▶ Data items
[Start of Attachment]

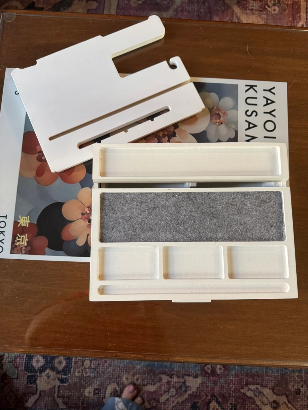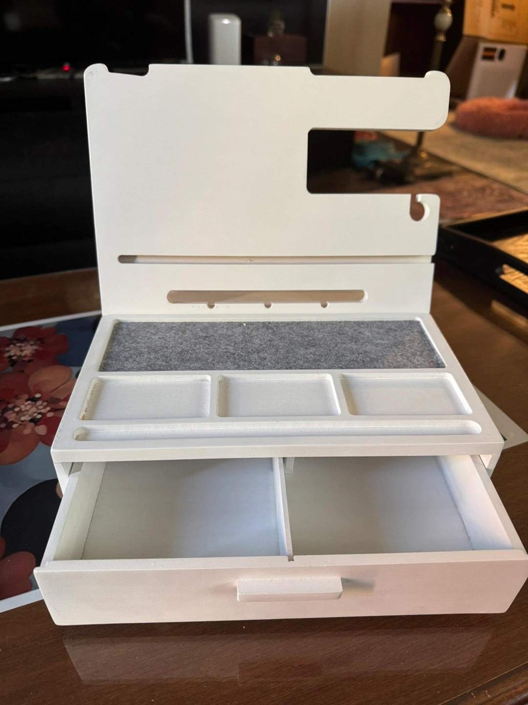 Multifunctional organiser. Features slots, compartments, and a drawer. Ideal for desk organisation. Notch for headphones, and notches for charging cords, hook on side for watches, keys. Made of wood. White finish.
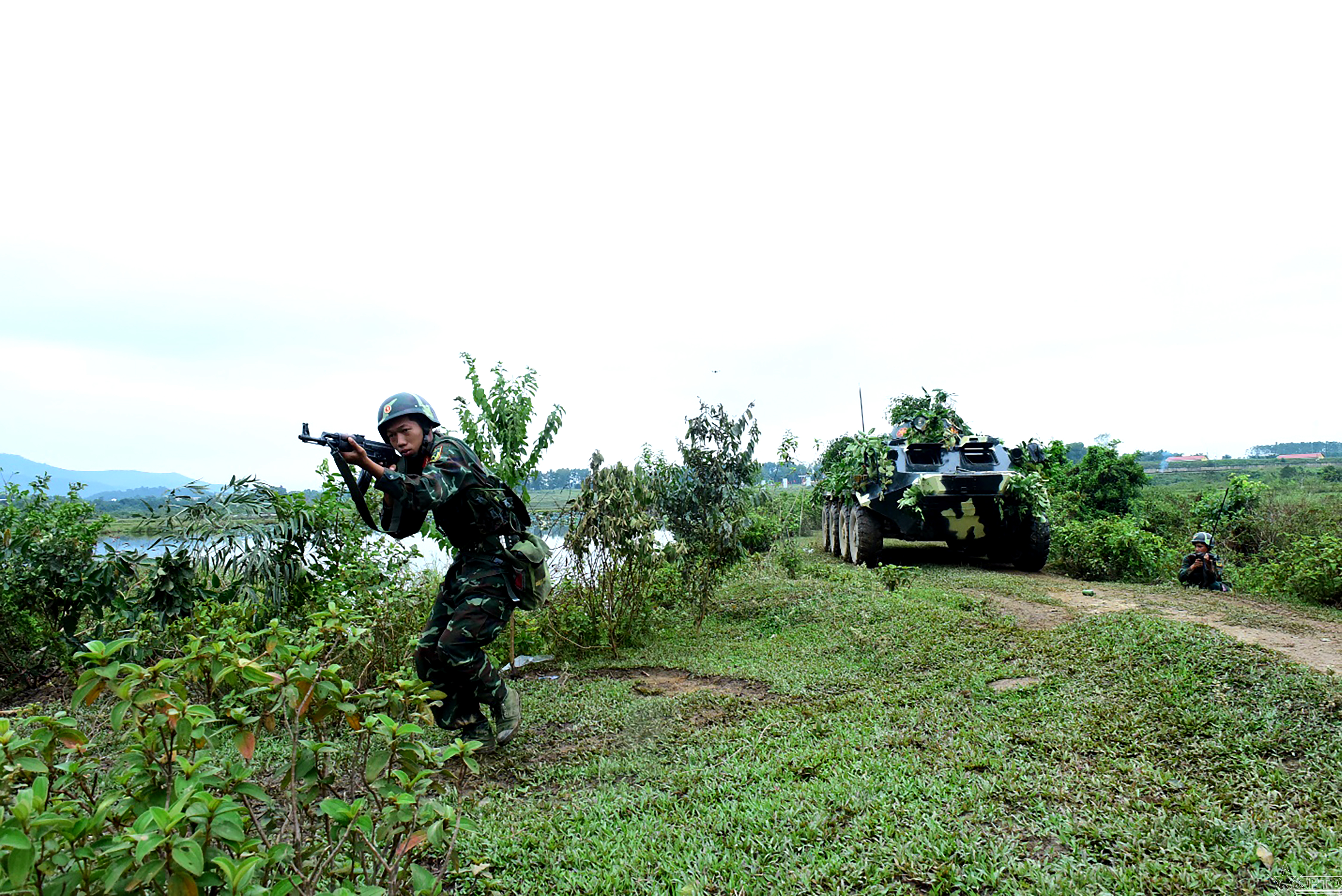 Đội hình xe Thiết giáp hiệp đồng chặt chẽ với bộ binh, tạo thế tiến công vững chắc trên hướng chủ yếu tiến công “địch” đổ bộ đường không.
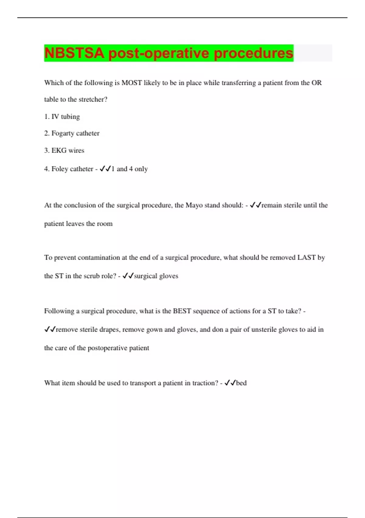 NBSTSA post-operative procedures Questions with 100% Correct Answers | Latest Update 2024 | Verified
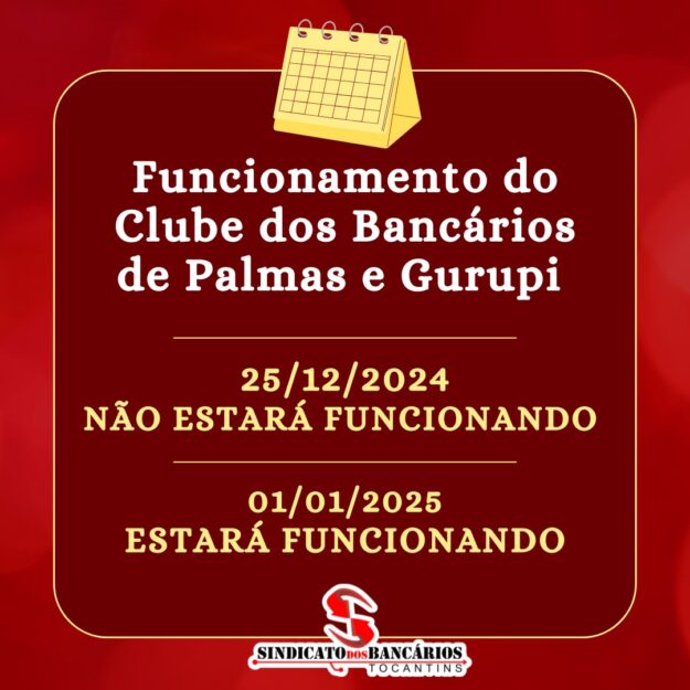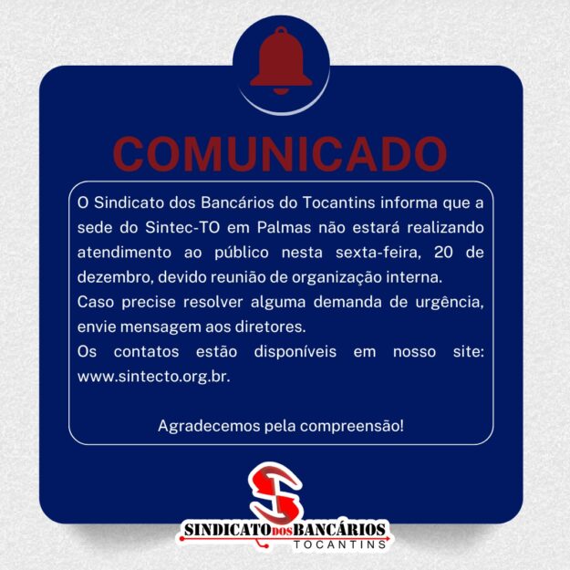 O Sindicato dos Bancários do Tocantins informa que a sede em Palmas não realizará atendimento ao público nesta sexta-feira, 20 de dezembro, devido reunião de organização interna. Caso precise resolver alguma demanda de urgência, envie mensagem aos diretores. Presidente: Ruy Ramos Telefone: (63) 98454-1832 Secretária Geral: Alessandra de Paula Carvalho Telefone: 98473-8497 Diretora Financeira: Erizete…
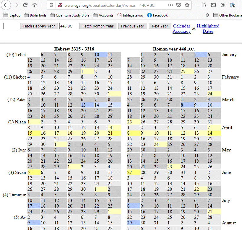 - “Summary, there are 69 weeks or 173,880 days from April 3, 446 BC to April 25, 31 AD on the Julian Calendar. See Timeline BC 446 BC. (311-500 BC) Nehemiah was given the command to rebuild the city on March 4, 446 BC and Jesus was crucified on April 25, 31 AD on the Julian calendar.“
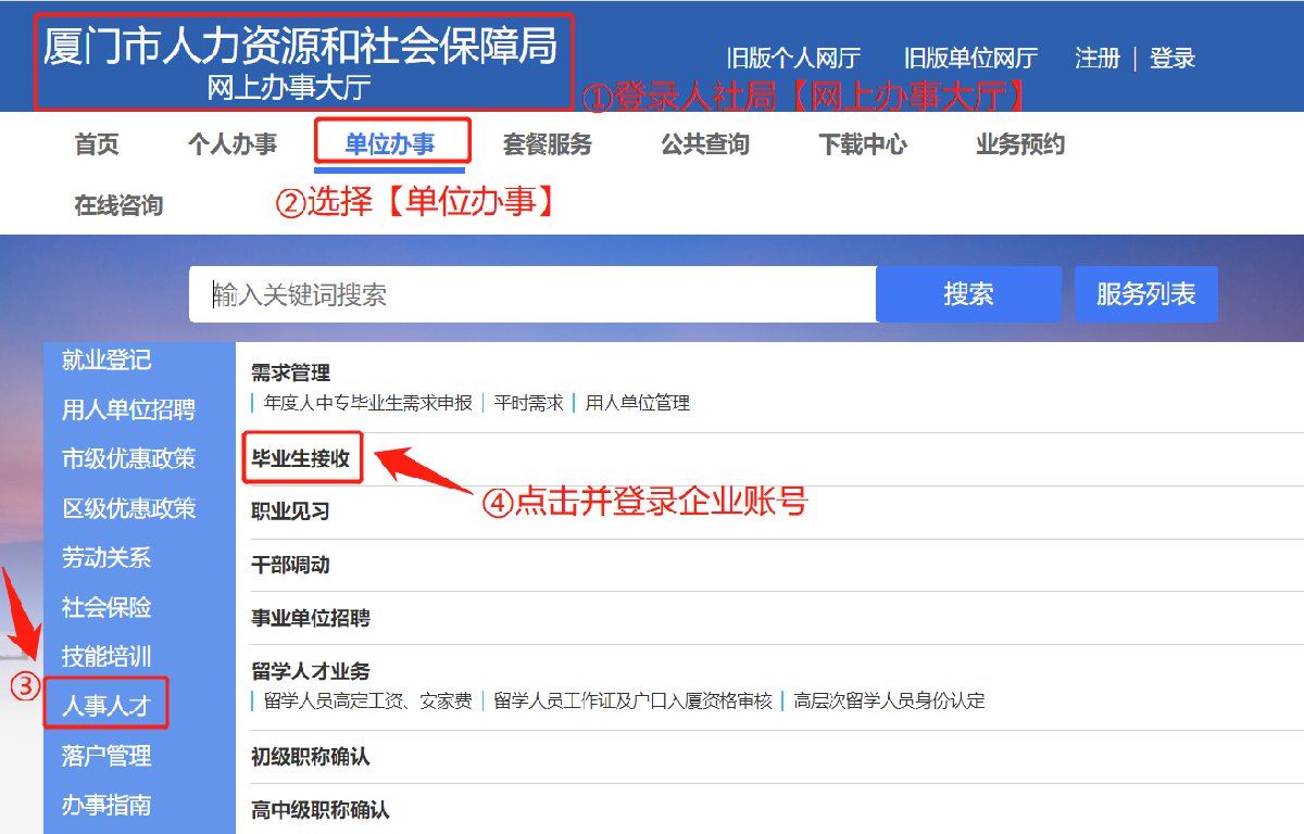 方式二:符合接收條件的畢業(yè)生,由用人單位登錄廈門人社局官網(wǎng)(http://hrss.xm.gov.cn)“網(wǎng)上辦事大廳--單位網(wǎng)廳--人事人才”服務(wù)平臺,根據(jù)提示申報擬接收畢業(yè)生個人信息。
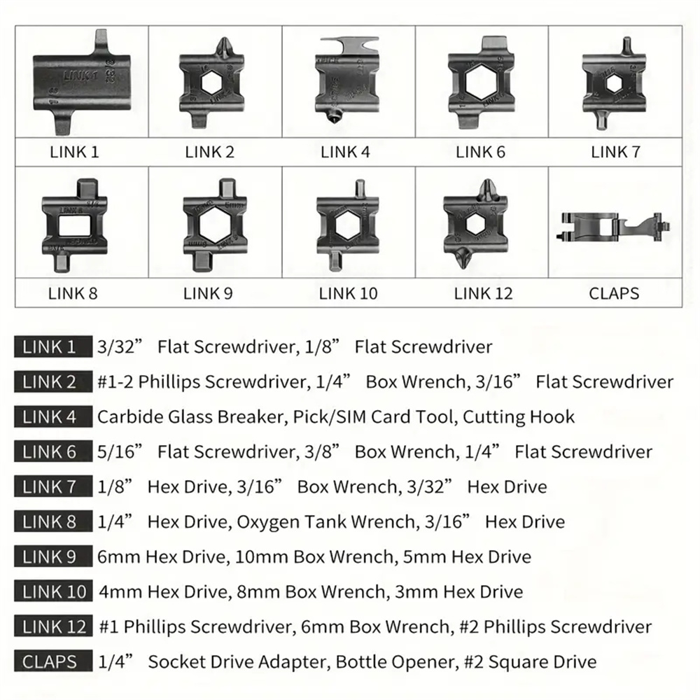 4.29 different tools in 10 links can be assembled multiple ways to customize this multi-tool to meet your needs.

[End of Attachment]

▶ WHAT YOU HAVE TO DO
An exact copy is required of the lines from the start of the records above through the line with "Đội hình xe", and only those, without any pictures.

▶ YOUR RESPONSE
 Multifunctional organiser. Features slots, compartments, and a drawer. Ideal for desk organisation. Notch for headphones, and notches for charging cords, hook on side for watches, keys. Made of wood. White finish.
 Đội hình xe Thiết giáp hiệp đồng chặt chẽ với bộ binh, tạo thế tiến công vững chắc trên hướng chủ yếu tiến công “địch” đổ bộ đường không.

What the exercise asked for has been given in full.